They may patrol the periphery of our planet’s atmosphere, but satellites also play an important role in matters extremely close to home. Beyond their well-known applications, from detecting weather patterns to bringing us hundreds of TV channels, satellites monitor and protect human rights across the world.
During times of conflict and wars, people are much more vulnerable to human rights violations. These can be difficult to detect and relieve because of the high levels of threat to the intervening personnel. However, with near real-time satellite imagery, operations can be more accurate, and better-equipped to respond.
How satellites came onto the human rights radar
The relationship between space technology and human rights groups is a relatively recent development. Satellite imagery only became available on a commercial level—that is, accessible to the public—in the late 1990s.
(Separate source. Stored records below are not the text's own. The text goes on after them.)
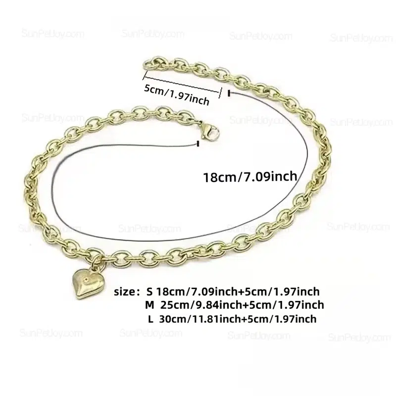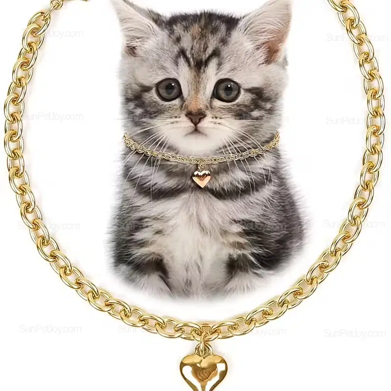 Elevate your pet accessory line with SUNPETJOY’s premium adjustable golden heart-shaped alloy pet collar necklace, perfect for cats and small dogs. Crafted from durable alloy, this versatile chain offers a luxurious touch with its heart pendant, blending style and comfort for everyday wear or boutique displays.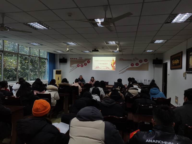 2021年12月28日12:20,我院学生支部在知津楼C205开展12月主题党日,本支部所有党员参会,会议由支部书记李华夏主持。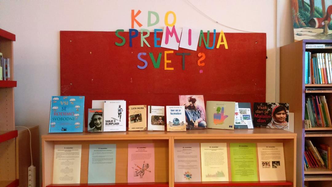 Na OŠ Kašelj so letos v knjižnici pripravili poseben kotiček z naslovom Kdo spreMInja svet, kjer so učenci lahko brali o tistih, za katere so se apeli pisali; pripravili so tudi nabor knjig, povezanih s človekovimi pravicami.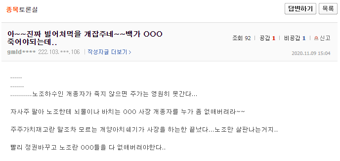 그리고 종토방 반응.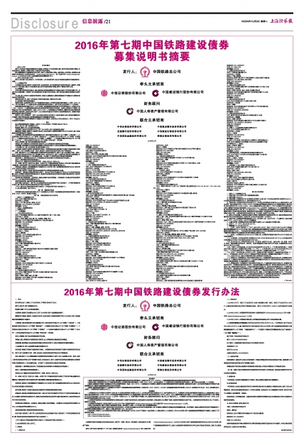 募集说明书摘要:指发行人根据有关法律、法规为发行本期债券而制作的《2016年第七期中国铁路建设债券募集说明书摘要》。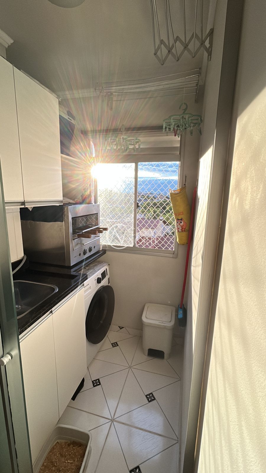 Lavanderia separada, arejada e iluminada, com máquina de lavar e armários.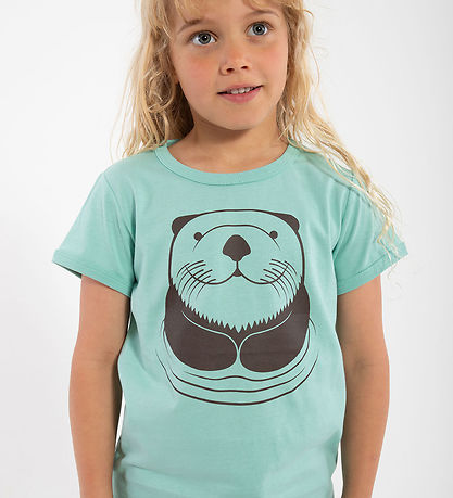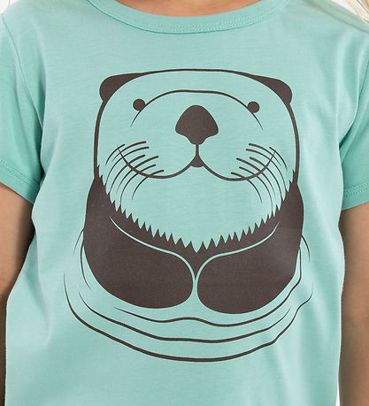 Prachtig ANIMAL t-shirt in lichtgroen, en op de voorkant staat een grote print van een zeeotter in donkerbruin.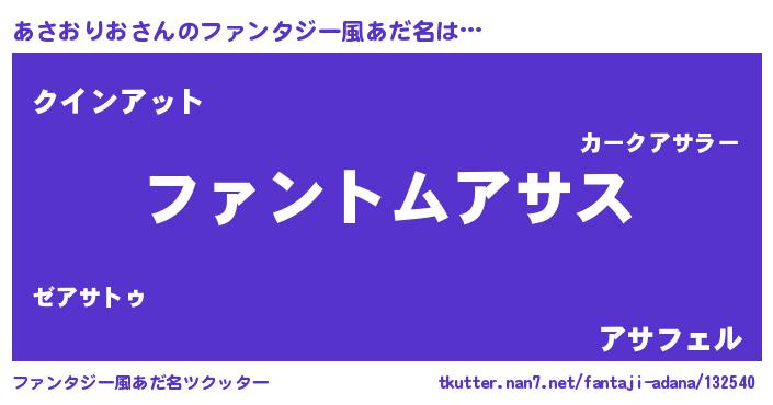 | ヒーロー風カッコイイあだ名 | 『幻影騎士アサ』『愛の使者あさおりお』 |

Since then, groups like Amnesty International and Human Rights Watch have been able to offer a new level of protection to people across the world with the help of satellite imagery providers.
Perhaps one of the most widely recognised projects to have harnessed the increasing possibilities of space observation is The Satellite Sentinel Project (SSP). Launched in 2010, SSP is one of many organisations created to bring attention to mass human right atrocities playing out in countries like Sudan, particularly in times of corruption or conflict.
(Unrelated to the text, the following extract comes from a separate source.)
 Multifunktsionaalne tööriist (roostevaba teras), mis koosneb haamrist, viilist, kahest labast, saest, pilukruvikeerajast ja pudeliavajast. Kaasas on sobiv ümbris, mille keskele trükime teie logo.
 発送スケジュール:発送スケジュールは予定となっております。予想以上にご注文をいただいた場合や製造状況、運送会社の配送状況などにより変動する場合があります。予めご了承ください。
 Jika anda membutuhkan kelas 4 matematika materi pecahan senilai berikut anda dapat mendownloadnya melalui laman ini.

Protecting lives with satellites
It has been claimed that, as they can aid the monitoring of refugee camp growth and help predict where new crises may emerge, satellites could provide a solution to the refugee crisis. Without reliable information, efforts to assist at-risk groups would be much less efficient and many more lives would be lost or become seriously endangered.
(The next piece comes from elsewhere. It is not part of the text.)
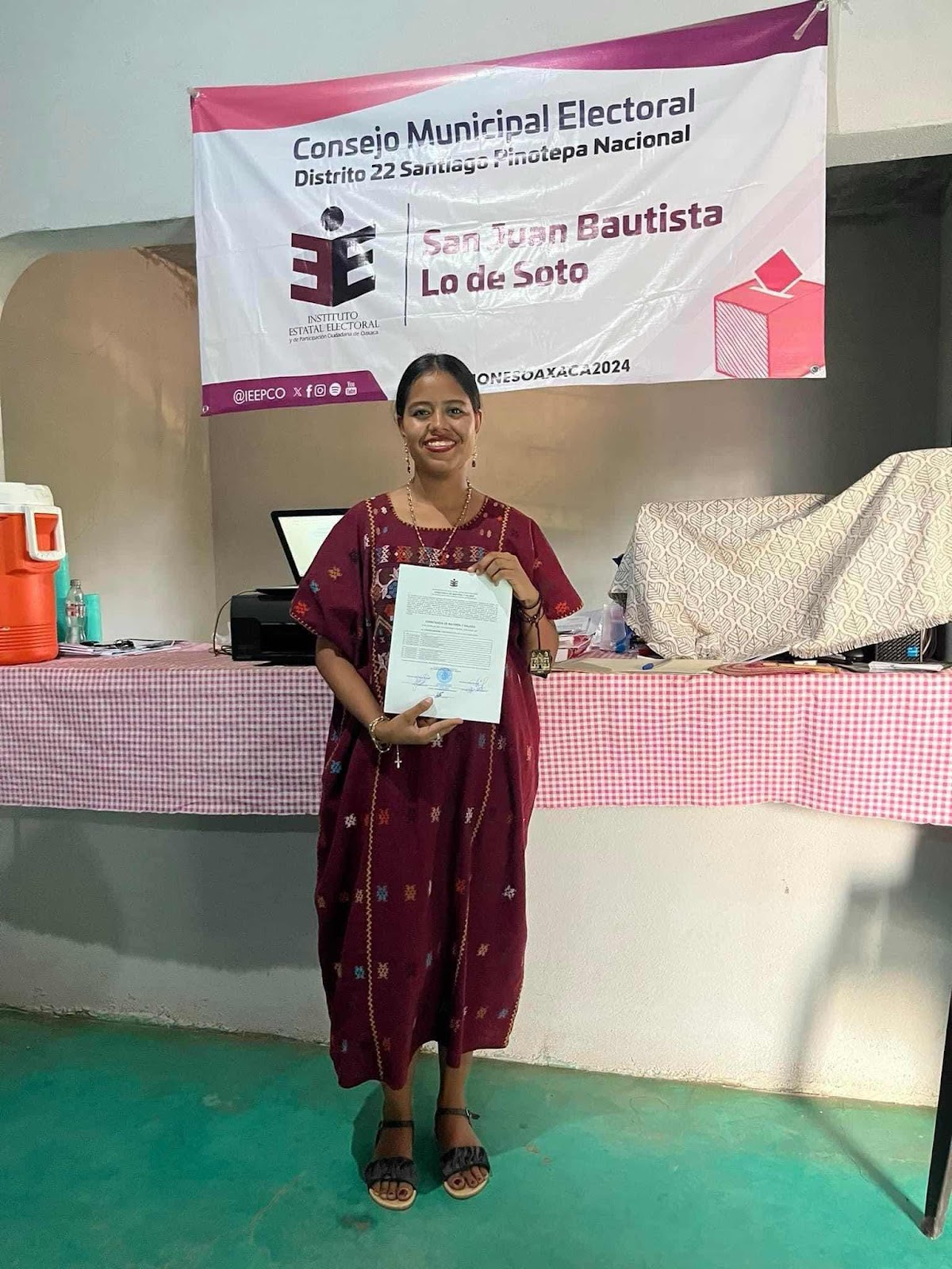 Lo de Soto Oax., 11 junio 2024. Irasema Leyva Ojeda será la presidenta municipal más joven que gobernará a partir del 01 de enero 2025 el municipio afromexicano de San Juan Bautista lo de Soto en la costa de Oaxaca.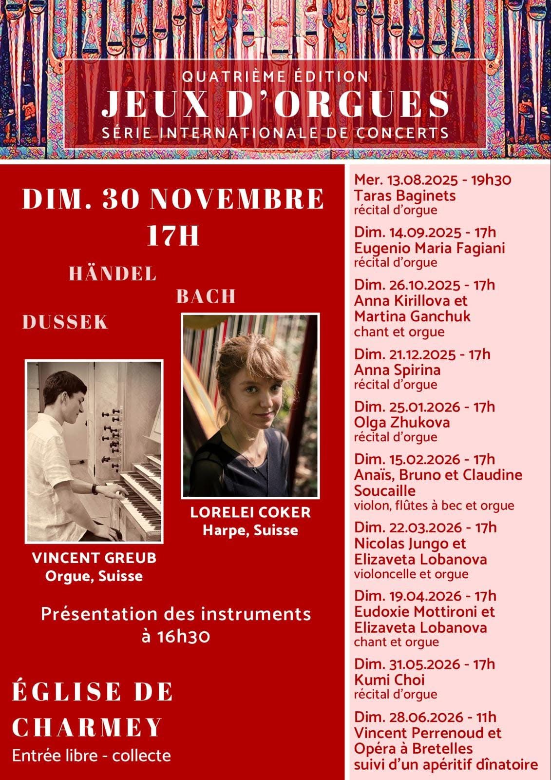 A vos agendas : les concerts auront lieu le 7 novembre 2025 au Pâquier et le 8 novembre 2025 à Charmey.

The intelligence yielded around the time of the Syrian refugee crisis provides insight that enables authorities to identify migration routes and vessels, such as the unstable boats attempting to cross the Mediterranean sea. Once detected, they can be met with the appropriate response and save lives.
Satellites also have a huge role in simply raising awareness of atrocities that, due to the country’s location or wider socio-political world status, would otherwise have gone unreported. In North Korea, for example, vast prison camps were uncovered in images commissioned by Amnesty, proving the existence of enclosures which had been denied by Kim Jong-Un’s government.
Using satellites to expose the camps and attract worldwide attention, the Human Rights Committee was able to investigate the area, addressing previously undetected (and undetectable) abuses.
What this means for the future of human rights
The European Association of Remote Sensing Companies (EARSC) predict that it will not be long before satellite technology becomes cheaper and more accessible. This would enable a larger number of satellites to be deployed across more areas of the world, providing a higher quality and quantity of near real-time information.
More satellites could mean an abundance of ground-level information covering every corner of the world. The data extracted from the satellite imagery will be key for giving authorities the ability to intervene with, and ultimately prevent crimes against humanity.